An open letter to Maria Popova: affiliate ads and morality - flyingyeti
http://on-advertising.tumblr.com/post/42994773187/maria-popova-have-you-made-1m-on-affiliate-ads-while
======
flocial
Footer probably added after article:

"Brain Pickings participates in the Amazon Services LLC Associates Program, an
affiliate advertising program designed to provide a means for sites to earn
commissions by linking to Amazon. In more human terms, this means that
whenever you buy a book on Amazon from a link on here, I get a small
percentage of its price. That helps support Brain Pickings by offsetting a
fraction of what it takes to maintain the site, and is very much appreciated."
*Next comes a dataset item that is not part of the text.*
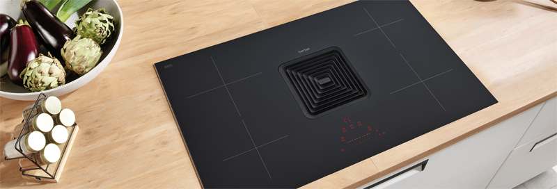 - Zentrale Bedienung von Kochfeld und Absaugung über beleuchtete Touchbedienung mit Slide-Funktion.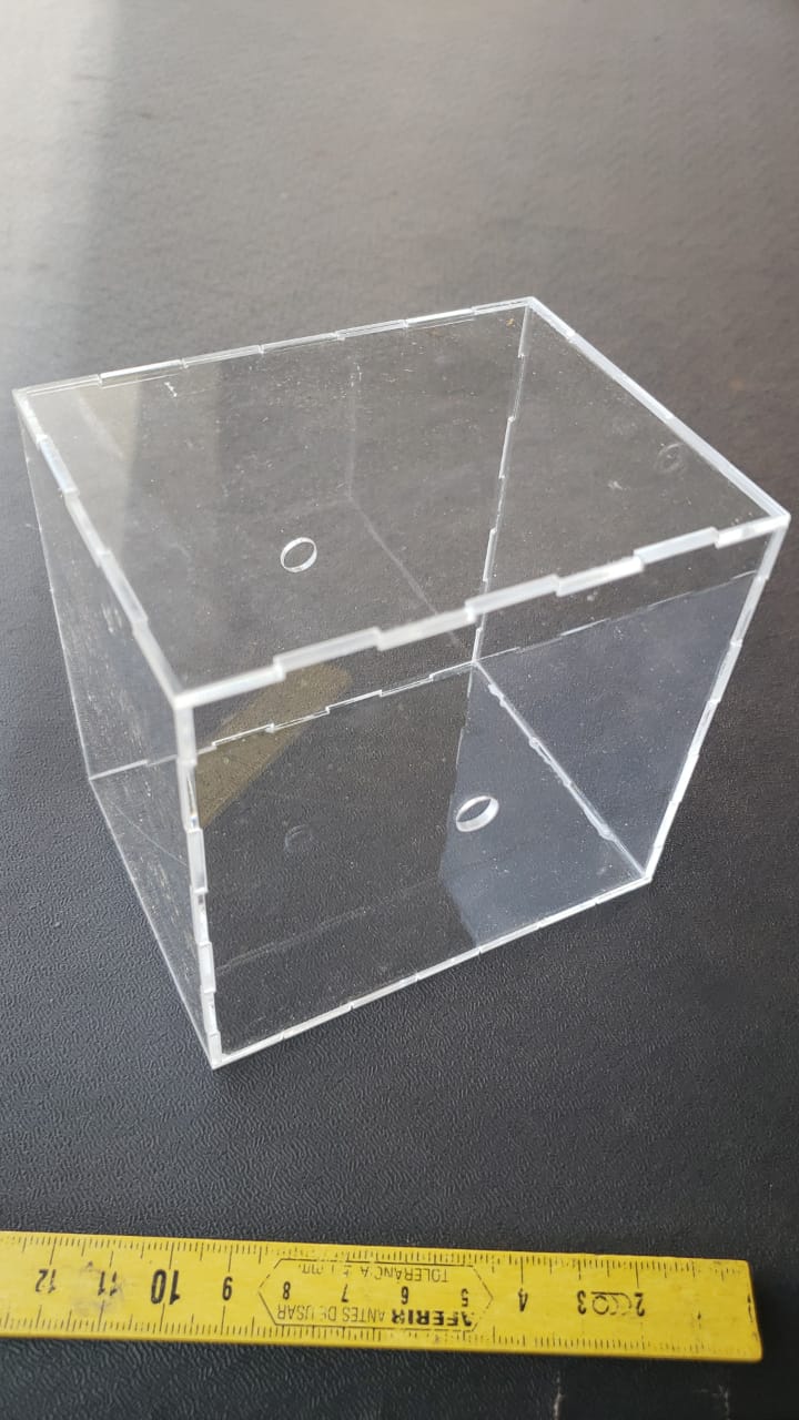 OBS: Caixinha enviada desmontada. Para montar retirar o plásico de proteção que irá nas partes. Colar com cola super bonder.

However, the language is probably still deceptive if the author's back of the
envelope calculations are even in the general ballpark, since the site could
probably be hosted very cheaply.

It certainly raises an interesting question about ethics and journalistic
standards when the publisher is also the editor and writer. In this case, not
only is the site making more money from affiliate links than alluded but also
tracking user preferences by proxy which is used to upsell more affiliate
links.

------
josh2600
It's hard to wade into the middle of this. Blissful ignorance only goes so
far; if there are Amazon ad links and they're in every article they're there
because they generate money. You can be blissfully ignorant all you want until
your bank account starts lighting up and you start spending it.

I don't have a problem with people making money from their writing, but it's
one thing to decry the foul nature of journalism while simultaneously filling
your articles with Affiliate links.

What a weird situation, after reading that I feel very distanced from the
whole situation. It just doesn't sit well.